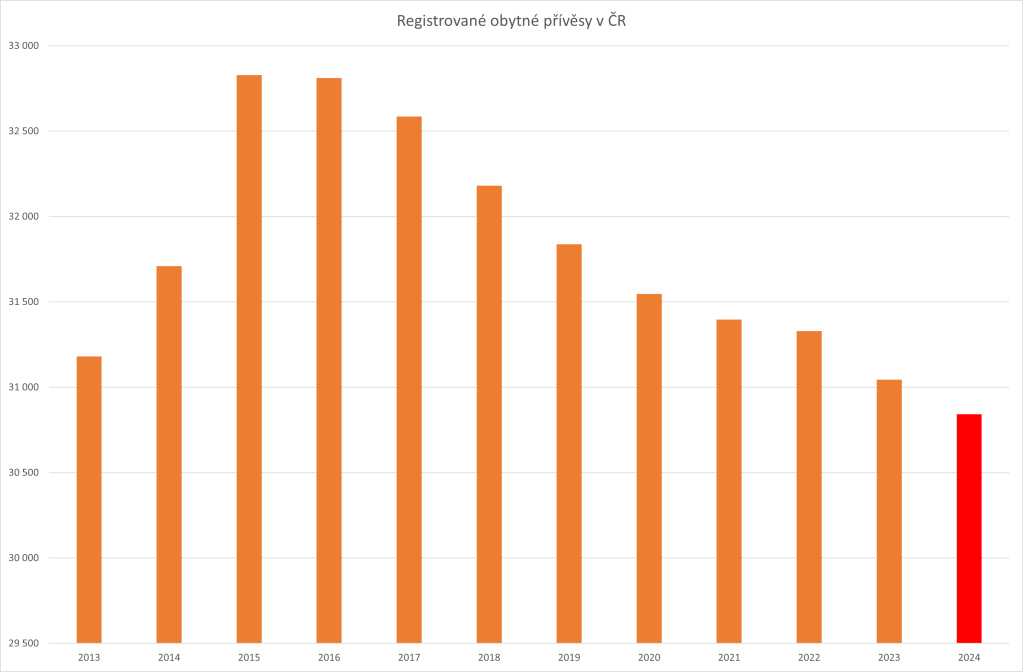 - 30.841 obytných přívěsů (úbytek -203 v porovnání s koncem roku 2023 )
---
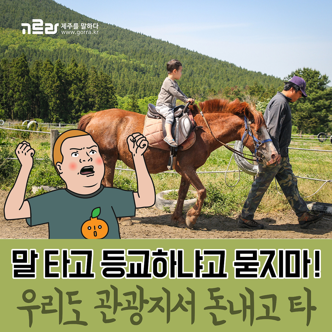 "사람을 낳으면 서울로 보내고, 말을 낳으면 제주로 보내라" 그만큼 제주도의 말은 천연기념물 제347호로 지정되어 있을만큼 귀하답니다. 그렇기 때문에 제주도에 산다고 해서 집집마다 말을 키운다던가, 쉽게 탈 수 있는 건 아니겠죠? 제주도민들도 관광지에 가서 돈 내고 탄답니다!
...
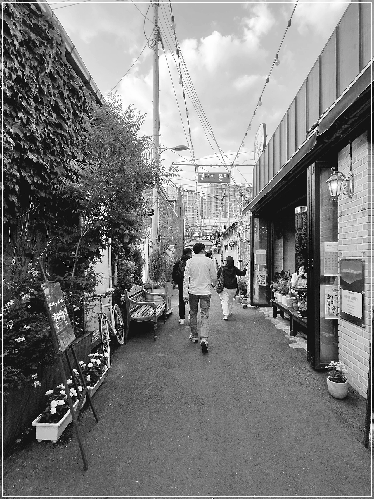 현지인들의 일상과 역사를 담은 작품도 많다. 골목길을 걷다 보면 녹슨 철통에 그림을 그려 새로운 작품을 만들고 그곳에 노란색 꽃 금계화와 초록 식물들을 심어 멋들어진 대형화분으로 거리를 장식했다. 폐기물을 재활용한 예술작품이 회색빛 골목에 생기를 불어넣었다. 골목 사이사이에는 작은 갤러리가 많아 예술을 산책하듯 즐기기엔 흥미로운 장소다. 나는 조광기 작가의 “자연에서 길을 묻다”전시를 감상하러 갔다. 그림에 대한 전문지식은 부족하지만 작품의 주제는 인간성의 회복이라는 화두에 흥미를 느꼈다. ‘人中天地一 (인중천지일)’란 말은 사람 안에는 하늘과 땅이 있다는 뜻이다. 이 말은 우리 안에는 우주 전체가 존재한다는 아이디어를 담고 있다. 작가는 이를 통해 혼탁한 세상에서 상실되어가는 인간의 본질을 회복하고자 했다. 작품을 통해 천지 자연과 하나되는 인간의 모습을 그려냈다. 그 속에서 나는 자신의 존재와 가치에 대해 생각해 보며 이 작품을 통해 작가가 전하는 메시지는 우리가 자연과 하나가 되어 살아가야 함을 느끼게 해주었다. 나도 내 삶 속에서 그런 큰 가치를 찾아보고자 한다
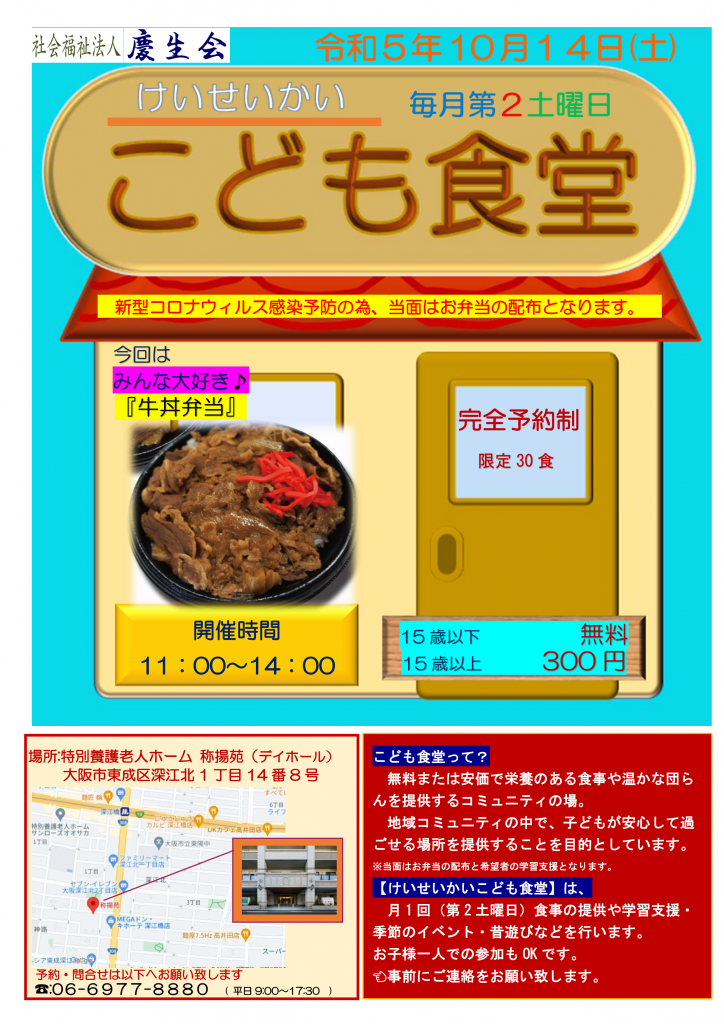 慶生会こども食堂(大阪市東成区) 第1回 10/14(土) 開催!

▶ Task details:
Range to copy from the listing above: the line containing "현지인들의 일상과 역사를" down to the line containing "慶生会こども食堂(大阪市東成区) 第1回 10/14(土) 開催!", both included. Reproduce it exactly, minus the pictures, and add nothing.

▶ Output for this task:
 현지인들의 일상과 역사를 담은 작품도 많다. 골목길을 걷다 보면 녹슨 철통에 그림을 그려 새로운 작품을 만들고 그곳에 노란색 꽃 금계화와 초록 식물들을 심어 멋들어진 대형화분으로 거리를 장식했다. 폐기물을 재활용한 예술작품이 회색빛 골목에 생기를 불어넣었다. 골목 사이사이에는 작은 갤러리가 많아 예술을 산책하듯 즐기기엔 흥미로운 장소다. 나는 조광기 작가의 “자연에서 길을 묻다”전시를 감상하러 갔다. 그림에 대한 전문지식은 부족하지만 작품의 주제는 인간성의 회복이라는 화두에 흥미를 느꼈다. ‘人中天地一 (인중천지일)’란 말은 사람 안에는 하늘과 땅이 있다는 뜻이다. 이 말은 우리 안에는 우주 전체가 존재한다는 아이디어를 담고 있다. 작가는 이를 통해 혼탁한 세상에서 상실되어가는 인간의 본질을 회복하고자 했다. 작품을 통해 천지 자연과 하나되는 인간의 모습을 그려냈다. 그 속에서 나는 자신의 존재와 가치에 대해 생각해 보며 이 작품을 통해 작가가 전하는 메시지는 우리가 자연과 하나가 되어 살아가야 함을 느끼게 해주었다. 나도 내 삶 속에서 그런 큰 가치를 찾아보고자 한다
 慶生会こども食堂(大阪市東成区) 第1回 10/14(土) 開催!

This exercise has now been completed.